**What to do**
Should any entry include an image, skip the image and copy the entry exactly.

**Records to process**
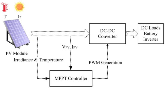 Figure 3 depicts the operating block diagram of the MPPT in a PV system. It includes the interactions between the PV modules, the DC-DC converter, the MPPT controller, and the load. The figure outlines how the MPPT controller continuously monitors the PV system’s generated voltage and current values, processes these data to identify the MPP, and sends appropriate control signals to the DC-DC converter to adjust the duty cycle, ensuring the system operates at MPP.
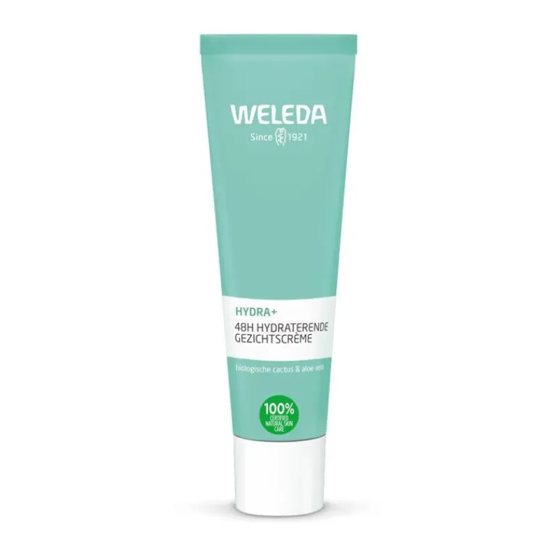Ervaar de kracht van de natuur met WELEDA. HYDRA+ 48h Hydraterende Gezichtscrème van WELEDA biedt directe en langdurige hydratatie voor de normale tot droge huid. Zo hydrateert de ultralichte crème 48 uur lang. Ook kalmeert de 100% natuurlijke crème van WELEDA je huid. Met biologische vijgencactus en Aloë vera.
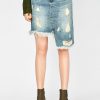 - Chân váy denim lệch gấu, xé rách, mài bạc mặt trước
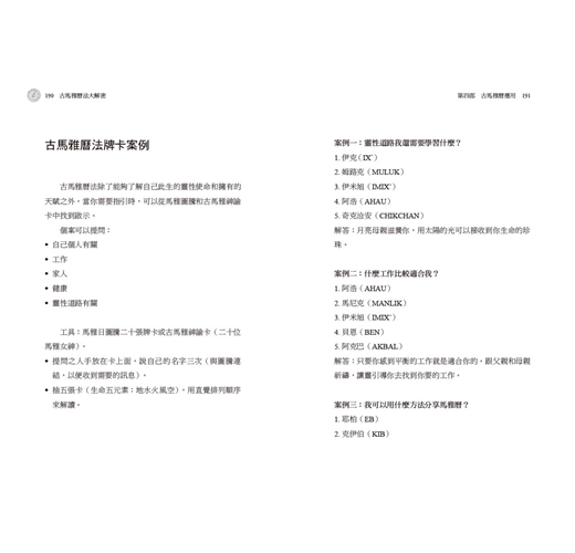 這本書整合了米格爾所提供的馬雅資料和實務教學的紀錄,再加上學員們所分享的案例而成,我期待它是一本學習古馬雅曆的工具書,藉此獻給所有對古馬雅曆有興趣的人參考使用。
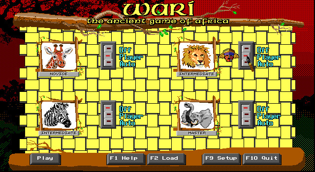 В данной игре – возможно, для создания нужной атмосферы – вашими противниками являются четыре африканских зверя: жираф (самый слабый игрок), лев и зебра (средние игроки) и слон (самый умный игрок). Поскольку это фактически перенесённая на компьютер настольная игра, то оценивать её графику смысла нет (хотя здесь замечательная VGA-палитра). Имейте в виду, что игра на деле ничуть не проще шахмат или шашек, требует весьма серьёзного изучения и напряжённого стратегического мышления, так что победить слона без долгих тренировок, скорее всего, не удастся.
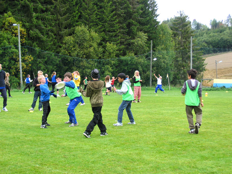 Med på årets Cup var 4 skoler: Helgerud, Eikli, Hønefoss, Veien. 120 elever og 3,5 timer med spill på 6 ultimate baner. Barna fra alle skolene WERE ON FIRE! I tillegg til Adrian Oleson (Hønefoss Discsport) var også Thomas Finborud (Stovner Disc Klubb) og Henrik Sköld (Sverige, landslag U19 og Linköping Ultimate) tilstedet. For å finne ut hvilke lag som skulle representere skolene i semifinale kampene, startet turneringen med at hver skole fikk sin egen bane hvor sine 3 lag spilte 2 kamper hver i en slags "intern konkurranse." Mens disse innledende kampene ble spilt fikk de lagene som hadde pause spille mot lag fra forskjellige skoler i treningskamper hvor de fikk tips og veiledning før de returnerte til turneringen. Vi så mye bra lagspill, høyt tempo ble opprettholdt (kast-og-løp), og ikke bare backhand men også forehand ble flittig brukt. Spillerne fra alle skolene viste god sportsånd og fair play, noe som ultimate spillere verden rundt legger stor vekt på. Vi sees på banen! |
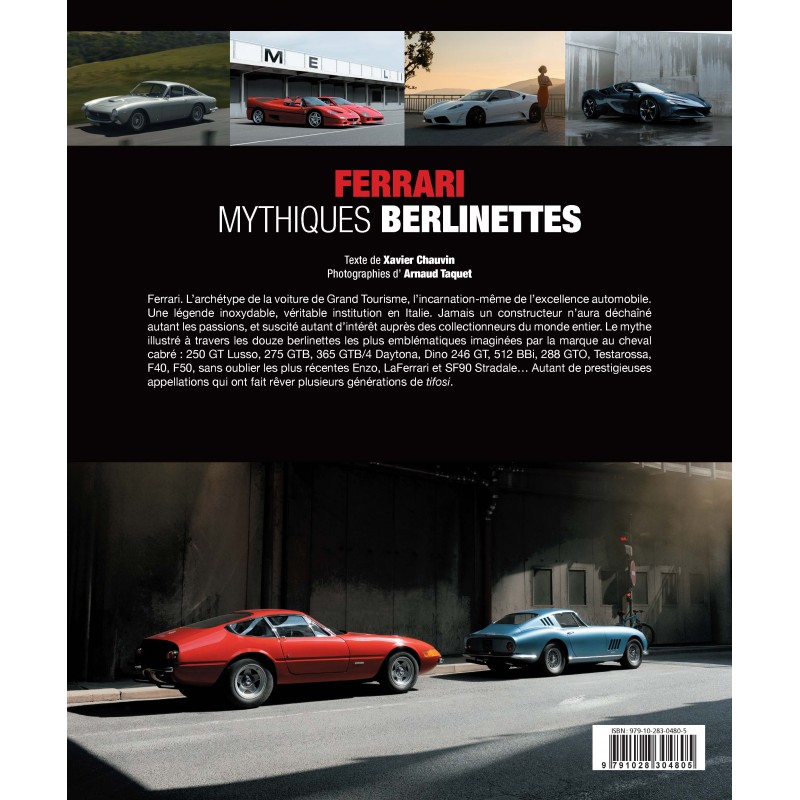 • Contracapa do livro 'Ferrari Mythiques Berlinettes' com duas fotos de carros Ferrari vermelhos e azuis em cenário urbano.
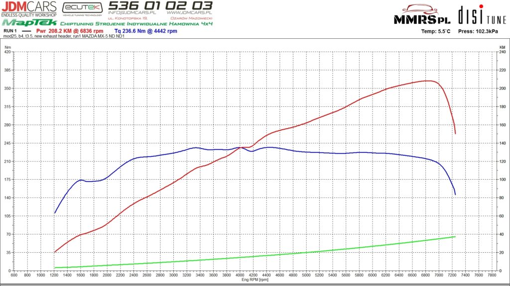 Zmierzone parametry seryjne z zamontowanym tłumikiem: 184KM 220Nm Parametry zmierzone po montażu kolektora wydechowego i wałków bez modyfikacji sterownika silnika: 206KM 222Nm Parametry po modyfikacji sterownika silnika: 231KM 244Nm
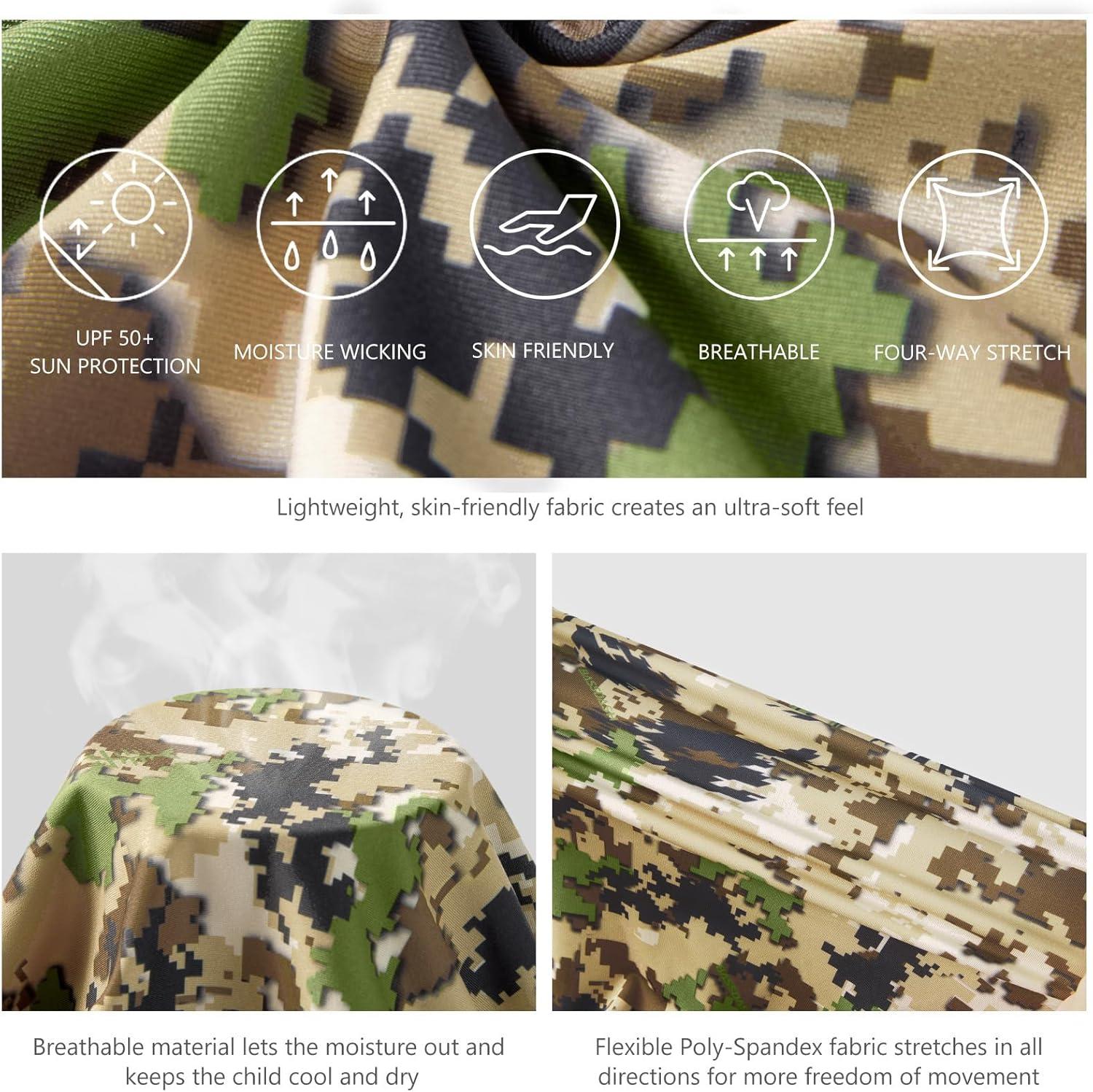 BASSDASH Youth UPF 50+ Camo Hunting Hoodie Shirt with Neck Gaiter Quick Dry Long Sleeve Hooded Tee for Fishing Hiking FS02Y(Grunge Camo)

**Answer section**
 Figure 3 depicts the operating block diagram of the MPPT in a PV system. It includes the interactions between the PV modules, the DC-DC converter, the MPPT controller, and the load. The figure outlines how the MPPT controller continuously monitors the PV system’s generated voltage and current values, processes these data to identify the MPP, and sends appropriate control signals to the DC-DC converter to adjust the duty cycle, ensuring the system operates at MPP.
Ervaar de kracht van de natuur met WELEDA. HYDRA+ 48h Hydraterende Gezichtscrème van WELEDA biedt directe en langdurige hydratatie voor de normale tot droge huid. Zo hydrateert de ultralichte crème 48 uur lang. Ook kalmeert de 100% natuurlijke crème van WELEDA je huid. Met biologische vijgencactus en Aloë vera.
 - Chân váy denim lệch gấu, xé rách, mài bạc mặt trước
 這本書整合了米格爾所提供的馬雅資料和實務教學的紀錄,再加上學員們所分享的案例而成,我期待它是一本學習古馬雅曆的工具書,藉此獻給所有對古馬雅曆有興趣的人參考使用。
 В данной игре – возможно, для создания нужной атмосферы – вашими противниками являются четыре африканских зверя: жираф (самый слабый игрок), лев и зебра (средние игроки) и слон (самый умный игрок). Поскольку это фактически перенесённая на компьютер настольная игра, то оценивать её графику смысла нет (хотя здесь замечательная VGA-палитра). Имейте в виду, что игра на деле ничуть не проще шахмат или шашек, требует весьма серьёзного изучения и напряжённого стратегического мышления, так что победить слона без долгих тренировок, скорее всего, не удастся.
 Med på årets Cup var 4 skoler: Helgerud, Eikli, Hønefoss, Veien. 120 elever og 3,5 timer med spill på 6 ultimate baner. Barna fra alle skolene WERE ON FIRE! I tillegg til Adrian Oleson (Hønefoss Discsport) var også Thomas Finborud (Stovner Disc Klubb) og Henrik Sköld (Sverige, landslag U19 og Linköping Ultimate) tilstedet. For å finne ut hvilke lag som skulle representere skolene i semifinale kampene, startet turneringen med at hver skole fikk sin egen bane hvor sine 3 lag spilte 2 kamper hver i en slags "intern konkurranse." Mens disse innledende kampene ble spilt fikk de lagene som hadde pause spille mot lag fra forskjellige skoler i treningskamper hvor de fikk tips og veiledning før de returnerte til turneringen. Vi så mye bra lagspill, høyt tempo ble opprettholdt (kast-og-løp), og ikke bare backhand men også forehand ble flittig brukt. Spillerne fra alle skolene viste god sportsånd og fair play, noe som ultimate spillere verden rundt legger stor vekt på. Vi sees på banen! |
 • Contracapa do livro 'Ferrari Mythiques Berlinettes' com duas fotos de carros Ferrari vermelhos e azuis em cenário urbano.
 Zmierzone parametry seryjne z zamontowanym tłumikiem: 184KM 220Nm Parametry zmierzone po montażu kolektora wydechowego i wałków bez modyfikacji sterownika silnika: 206KM 222Nm Parametry po modyfikacji sterownika silnika: 231KM 244Nm
 BASSDASH Youth UPF 50+ Camo Hunting Hoodie Shirt with Neck Gaiter Quick Dry Long Sleeve Hooded Tee for Fishing Hiking FS02Y(Grunge Camo)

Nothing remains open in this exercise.